2.3. Human Subject Testing

The purpose of the human subject testing was to execute a feasibility study towards the efficacy of the glove within real life applications. Specifically, the implementation of the extension metal layer was evaluated to test if it outputs a sufficient extensive force to return the participants hand to perform repetitive motion therapy. To implement human subject testing, an Institutional Review Board (IRB) application was submitted and approved (#5258) before testing. The testing parameters included only test subjects without history of neuromuscular disability, stroke, hand injury, or hand impairment between 18 to 60 years of age. The participants placed their wrist at a neutral support position over a raised platform where their hand hung off the edge of the platform. Their hands were kept in pronation for all trials and instructed to leave their hand at rest when not actively moving their finger during the ROM trials. The testing consisted of five trials. These five trials were executed in varying order as to remove influence involving the fatigue or stretching of the participant’s hand during the trials. In each trial, a Unity code was utilized to provide prompts or input values to the control system in which each of the five fingers was prompted five times in random order.

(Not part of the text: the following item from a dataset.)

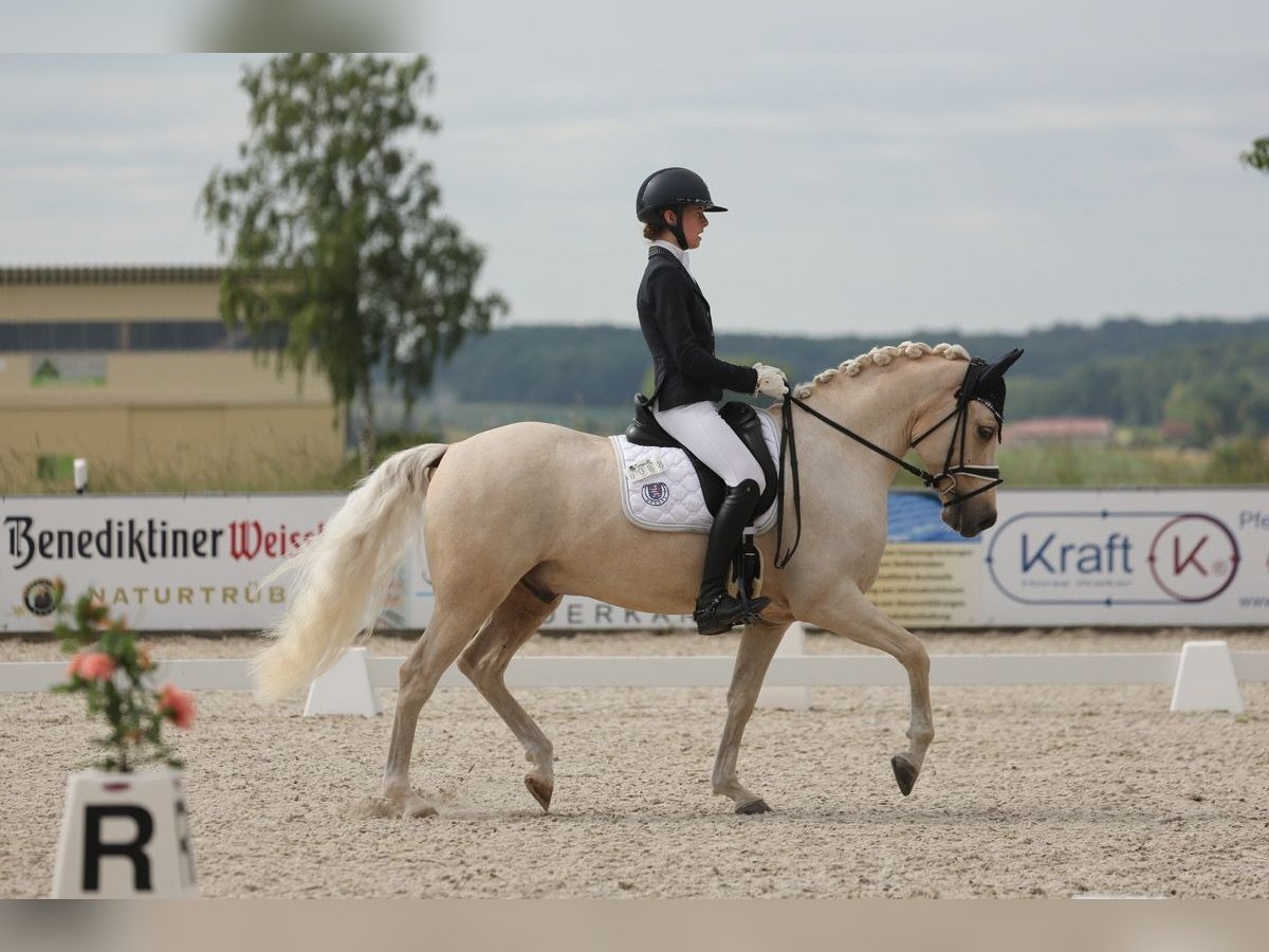 Glitzerflitzer is een betrouwbaar en rustig pony dat zijn ruiter altijd veiligheid biedt. Vooral in stap en galop overtuigt hij met veel kwaliteit, takt en een prettig zitgevoel. Hij heeft meerdere pony-FEI wedstrijden gelopen en is geplaatst, met een score tot 69,*%. In de nationale klasse heeft Glitzi verschillende L-dressuren gewonnen, onder andere met cijfers tot 8,5. Daarnaast is hij meerdere keren gestart op de Zuid-Duitse Pony Kampioenschappen en op de Hessische Kampioenschappen. Hij is zeer braaf in omgang, helder van geest en daardoor ook in nieuwe situaties kalm, of het nu op het concours, tijdens training of in het dagelijks leven is. Hij wil zijn ruiter altijd behagen en werkt gemotiveerd mee. Glitzi is ideaal voor een ambitieuze jonge ruiter die op zoek is naar een pony waarop je kunt vertrouwen en waarmee je samen kunt blijven groeien. FEI-meten. Video op aanvraag.

To ascertain the optimal position for testing 2 priorities were considered. The first was maximizing test results and the second was replicating the situation in which the pneumatic glove will foreseeably be used by post stroke patients. Finger movements occur around two main axes: flexion/extension and abduction/adduction [25]. Flexion is the act of bending or state of not straightened while extension is the opposite an unbending movement or straightened position [21]. Abduction is movement of a body part away from the median plane and adduction is the movement towards the median plane [21]. In addition to flexion/extension, abduction/adduction the thumb has an additional movement. The movement of opposition/reposition which mainly offers the hand an increase in grasping and manipulating a variety of objects [26].

The subject’s wrist was positioned in neutral to maximize a resting position and assist in allowing fingers to flex and extend independently of one another. The movements of the forearm are pronation/supination and are completed by the radio-ulnar complex, influenced by some specific shoulder positions. Supination, palm side facing the ceiling with the elbow flexed, was not as desirable an option as it may have impeded the pressure of the flex actuators. Pronation was also preferred as healthy hands approach most objects in pronation to grasp it.

To maximize the accuracy and consistency of the test results subjects were tested seated with their right shoulder slightly abducted and their elbow flexed resting on a box on a chair shown in the figure below. This combination of relaxed positions allowed test subjects to sit comfortably in a side chair and assisted in isolating the desired movements of individual finger flexion and extension. In anticipation of the eventual user, a post stroke patient the process of motor recovery was considered.

Stroke patients initially experience flaccid muscles, followed by the development of patterned muscle movements, or synergies [5,6,27,28]. Synergies could be defined as a spatial configuration of the hand shape that is common across the various tasks [6,25]. These synergies are how the affected hand relearns purposeful movements. As spasticity develops patients are drawn into various degrees of abnormal hand flexion and pronation making it difficult to extend fingers, hence the preferred position of finger flexion and forearm pronation. Ideally the pneumatic glove should replicate normal movement.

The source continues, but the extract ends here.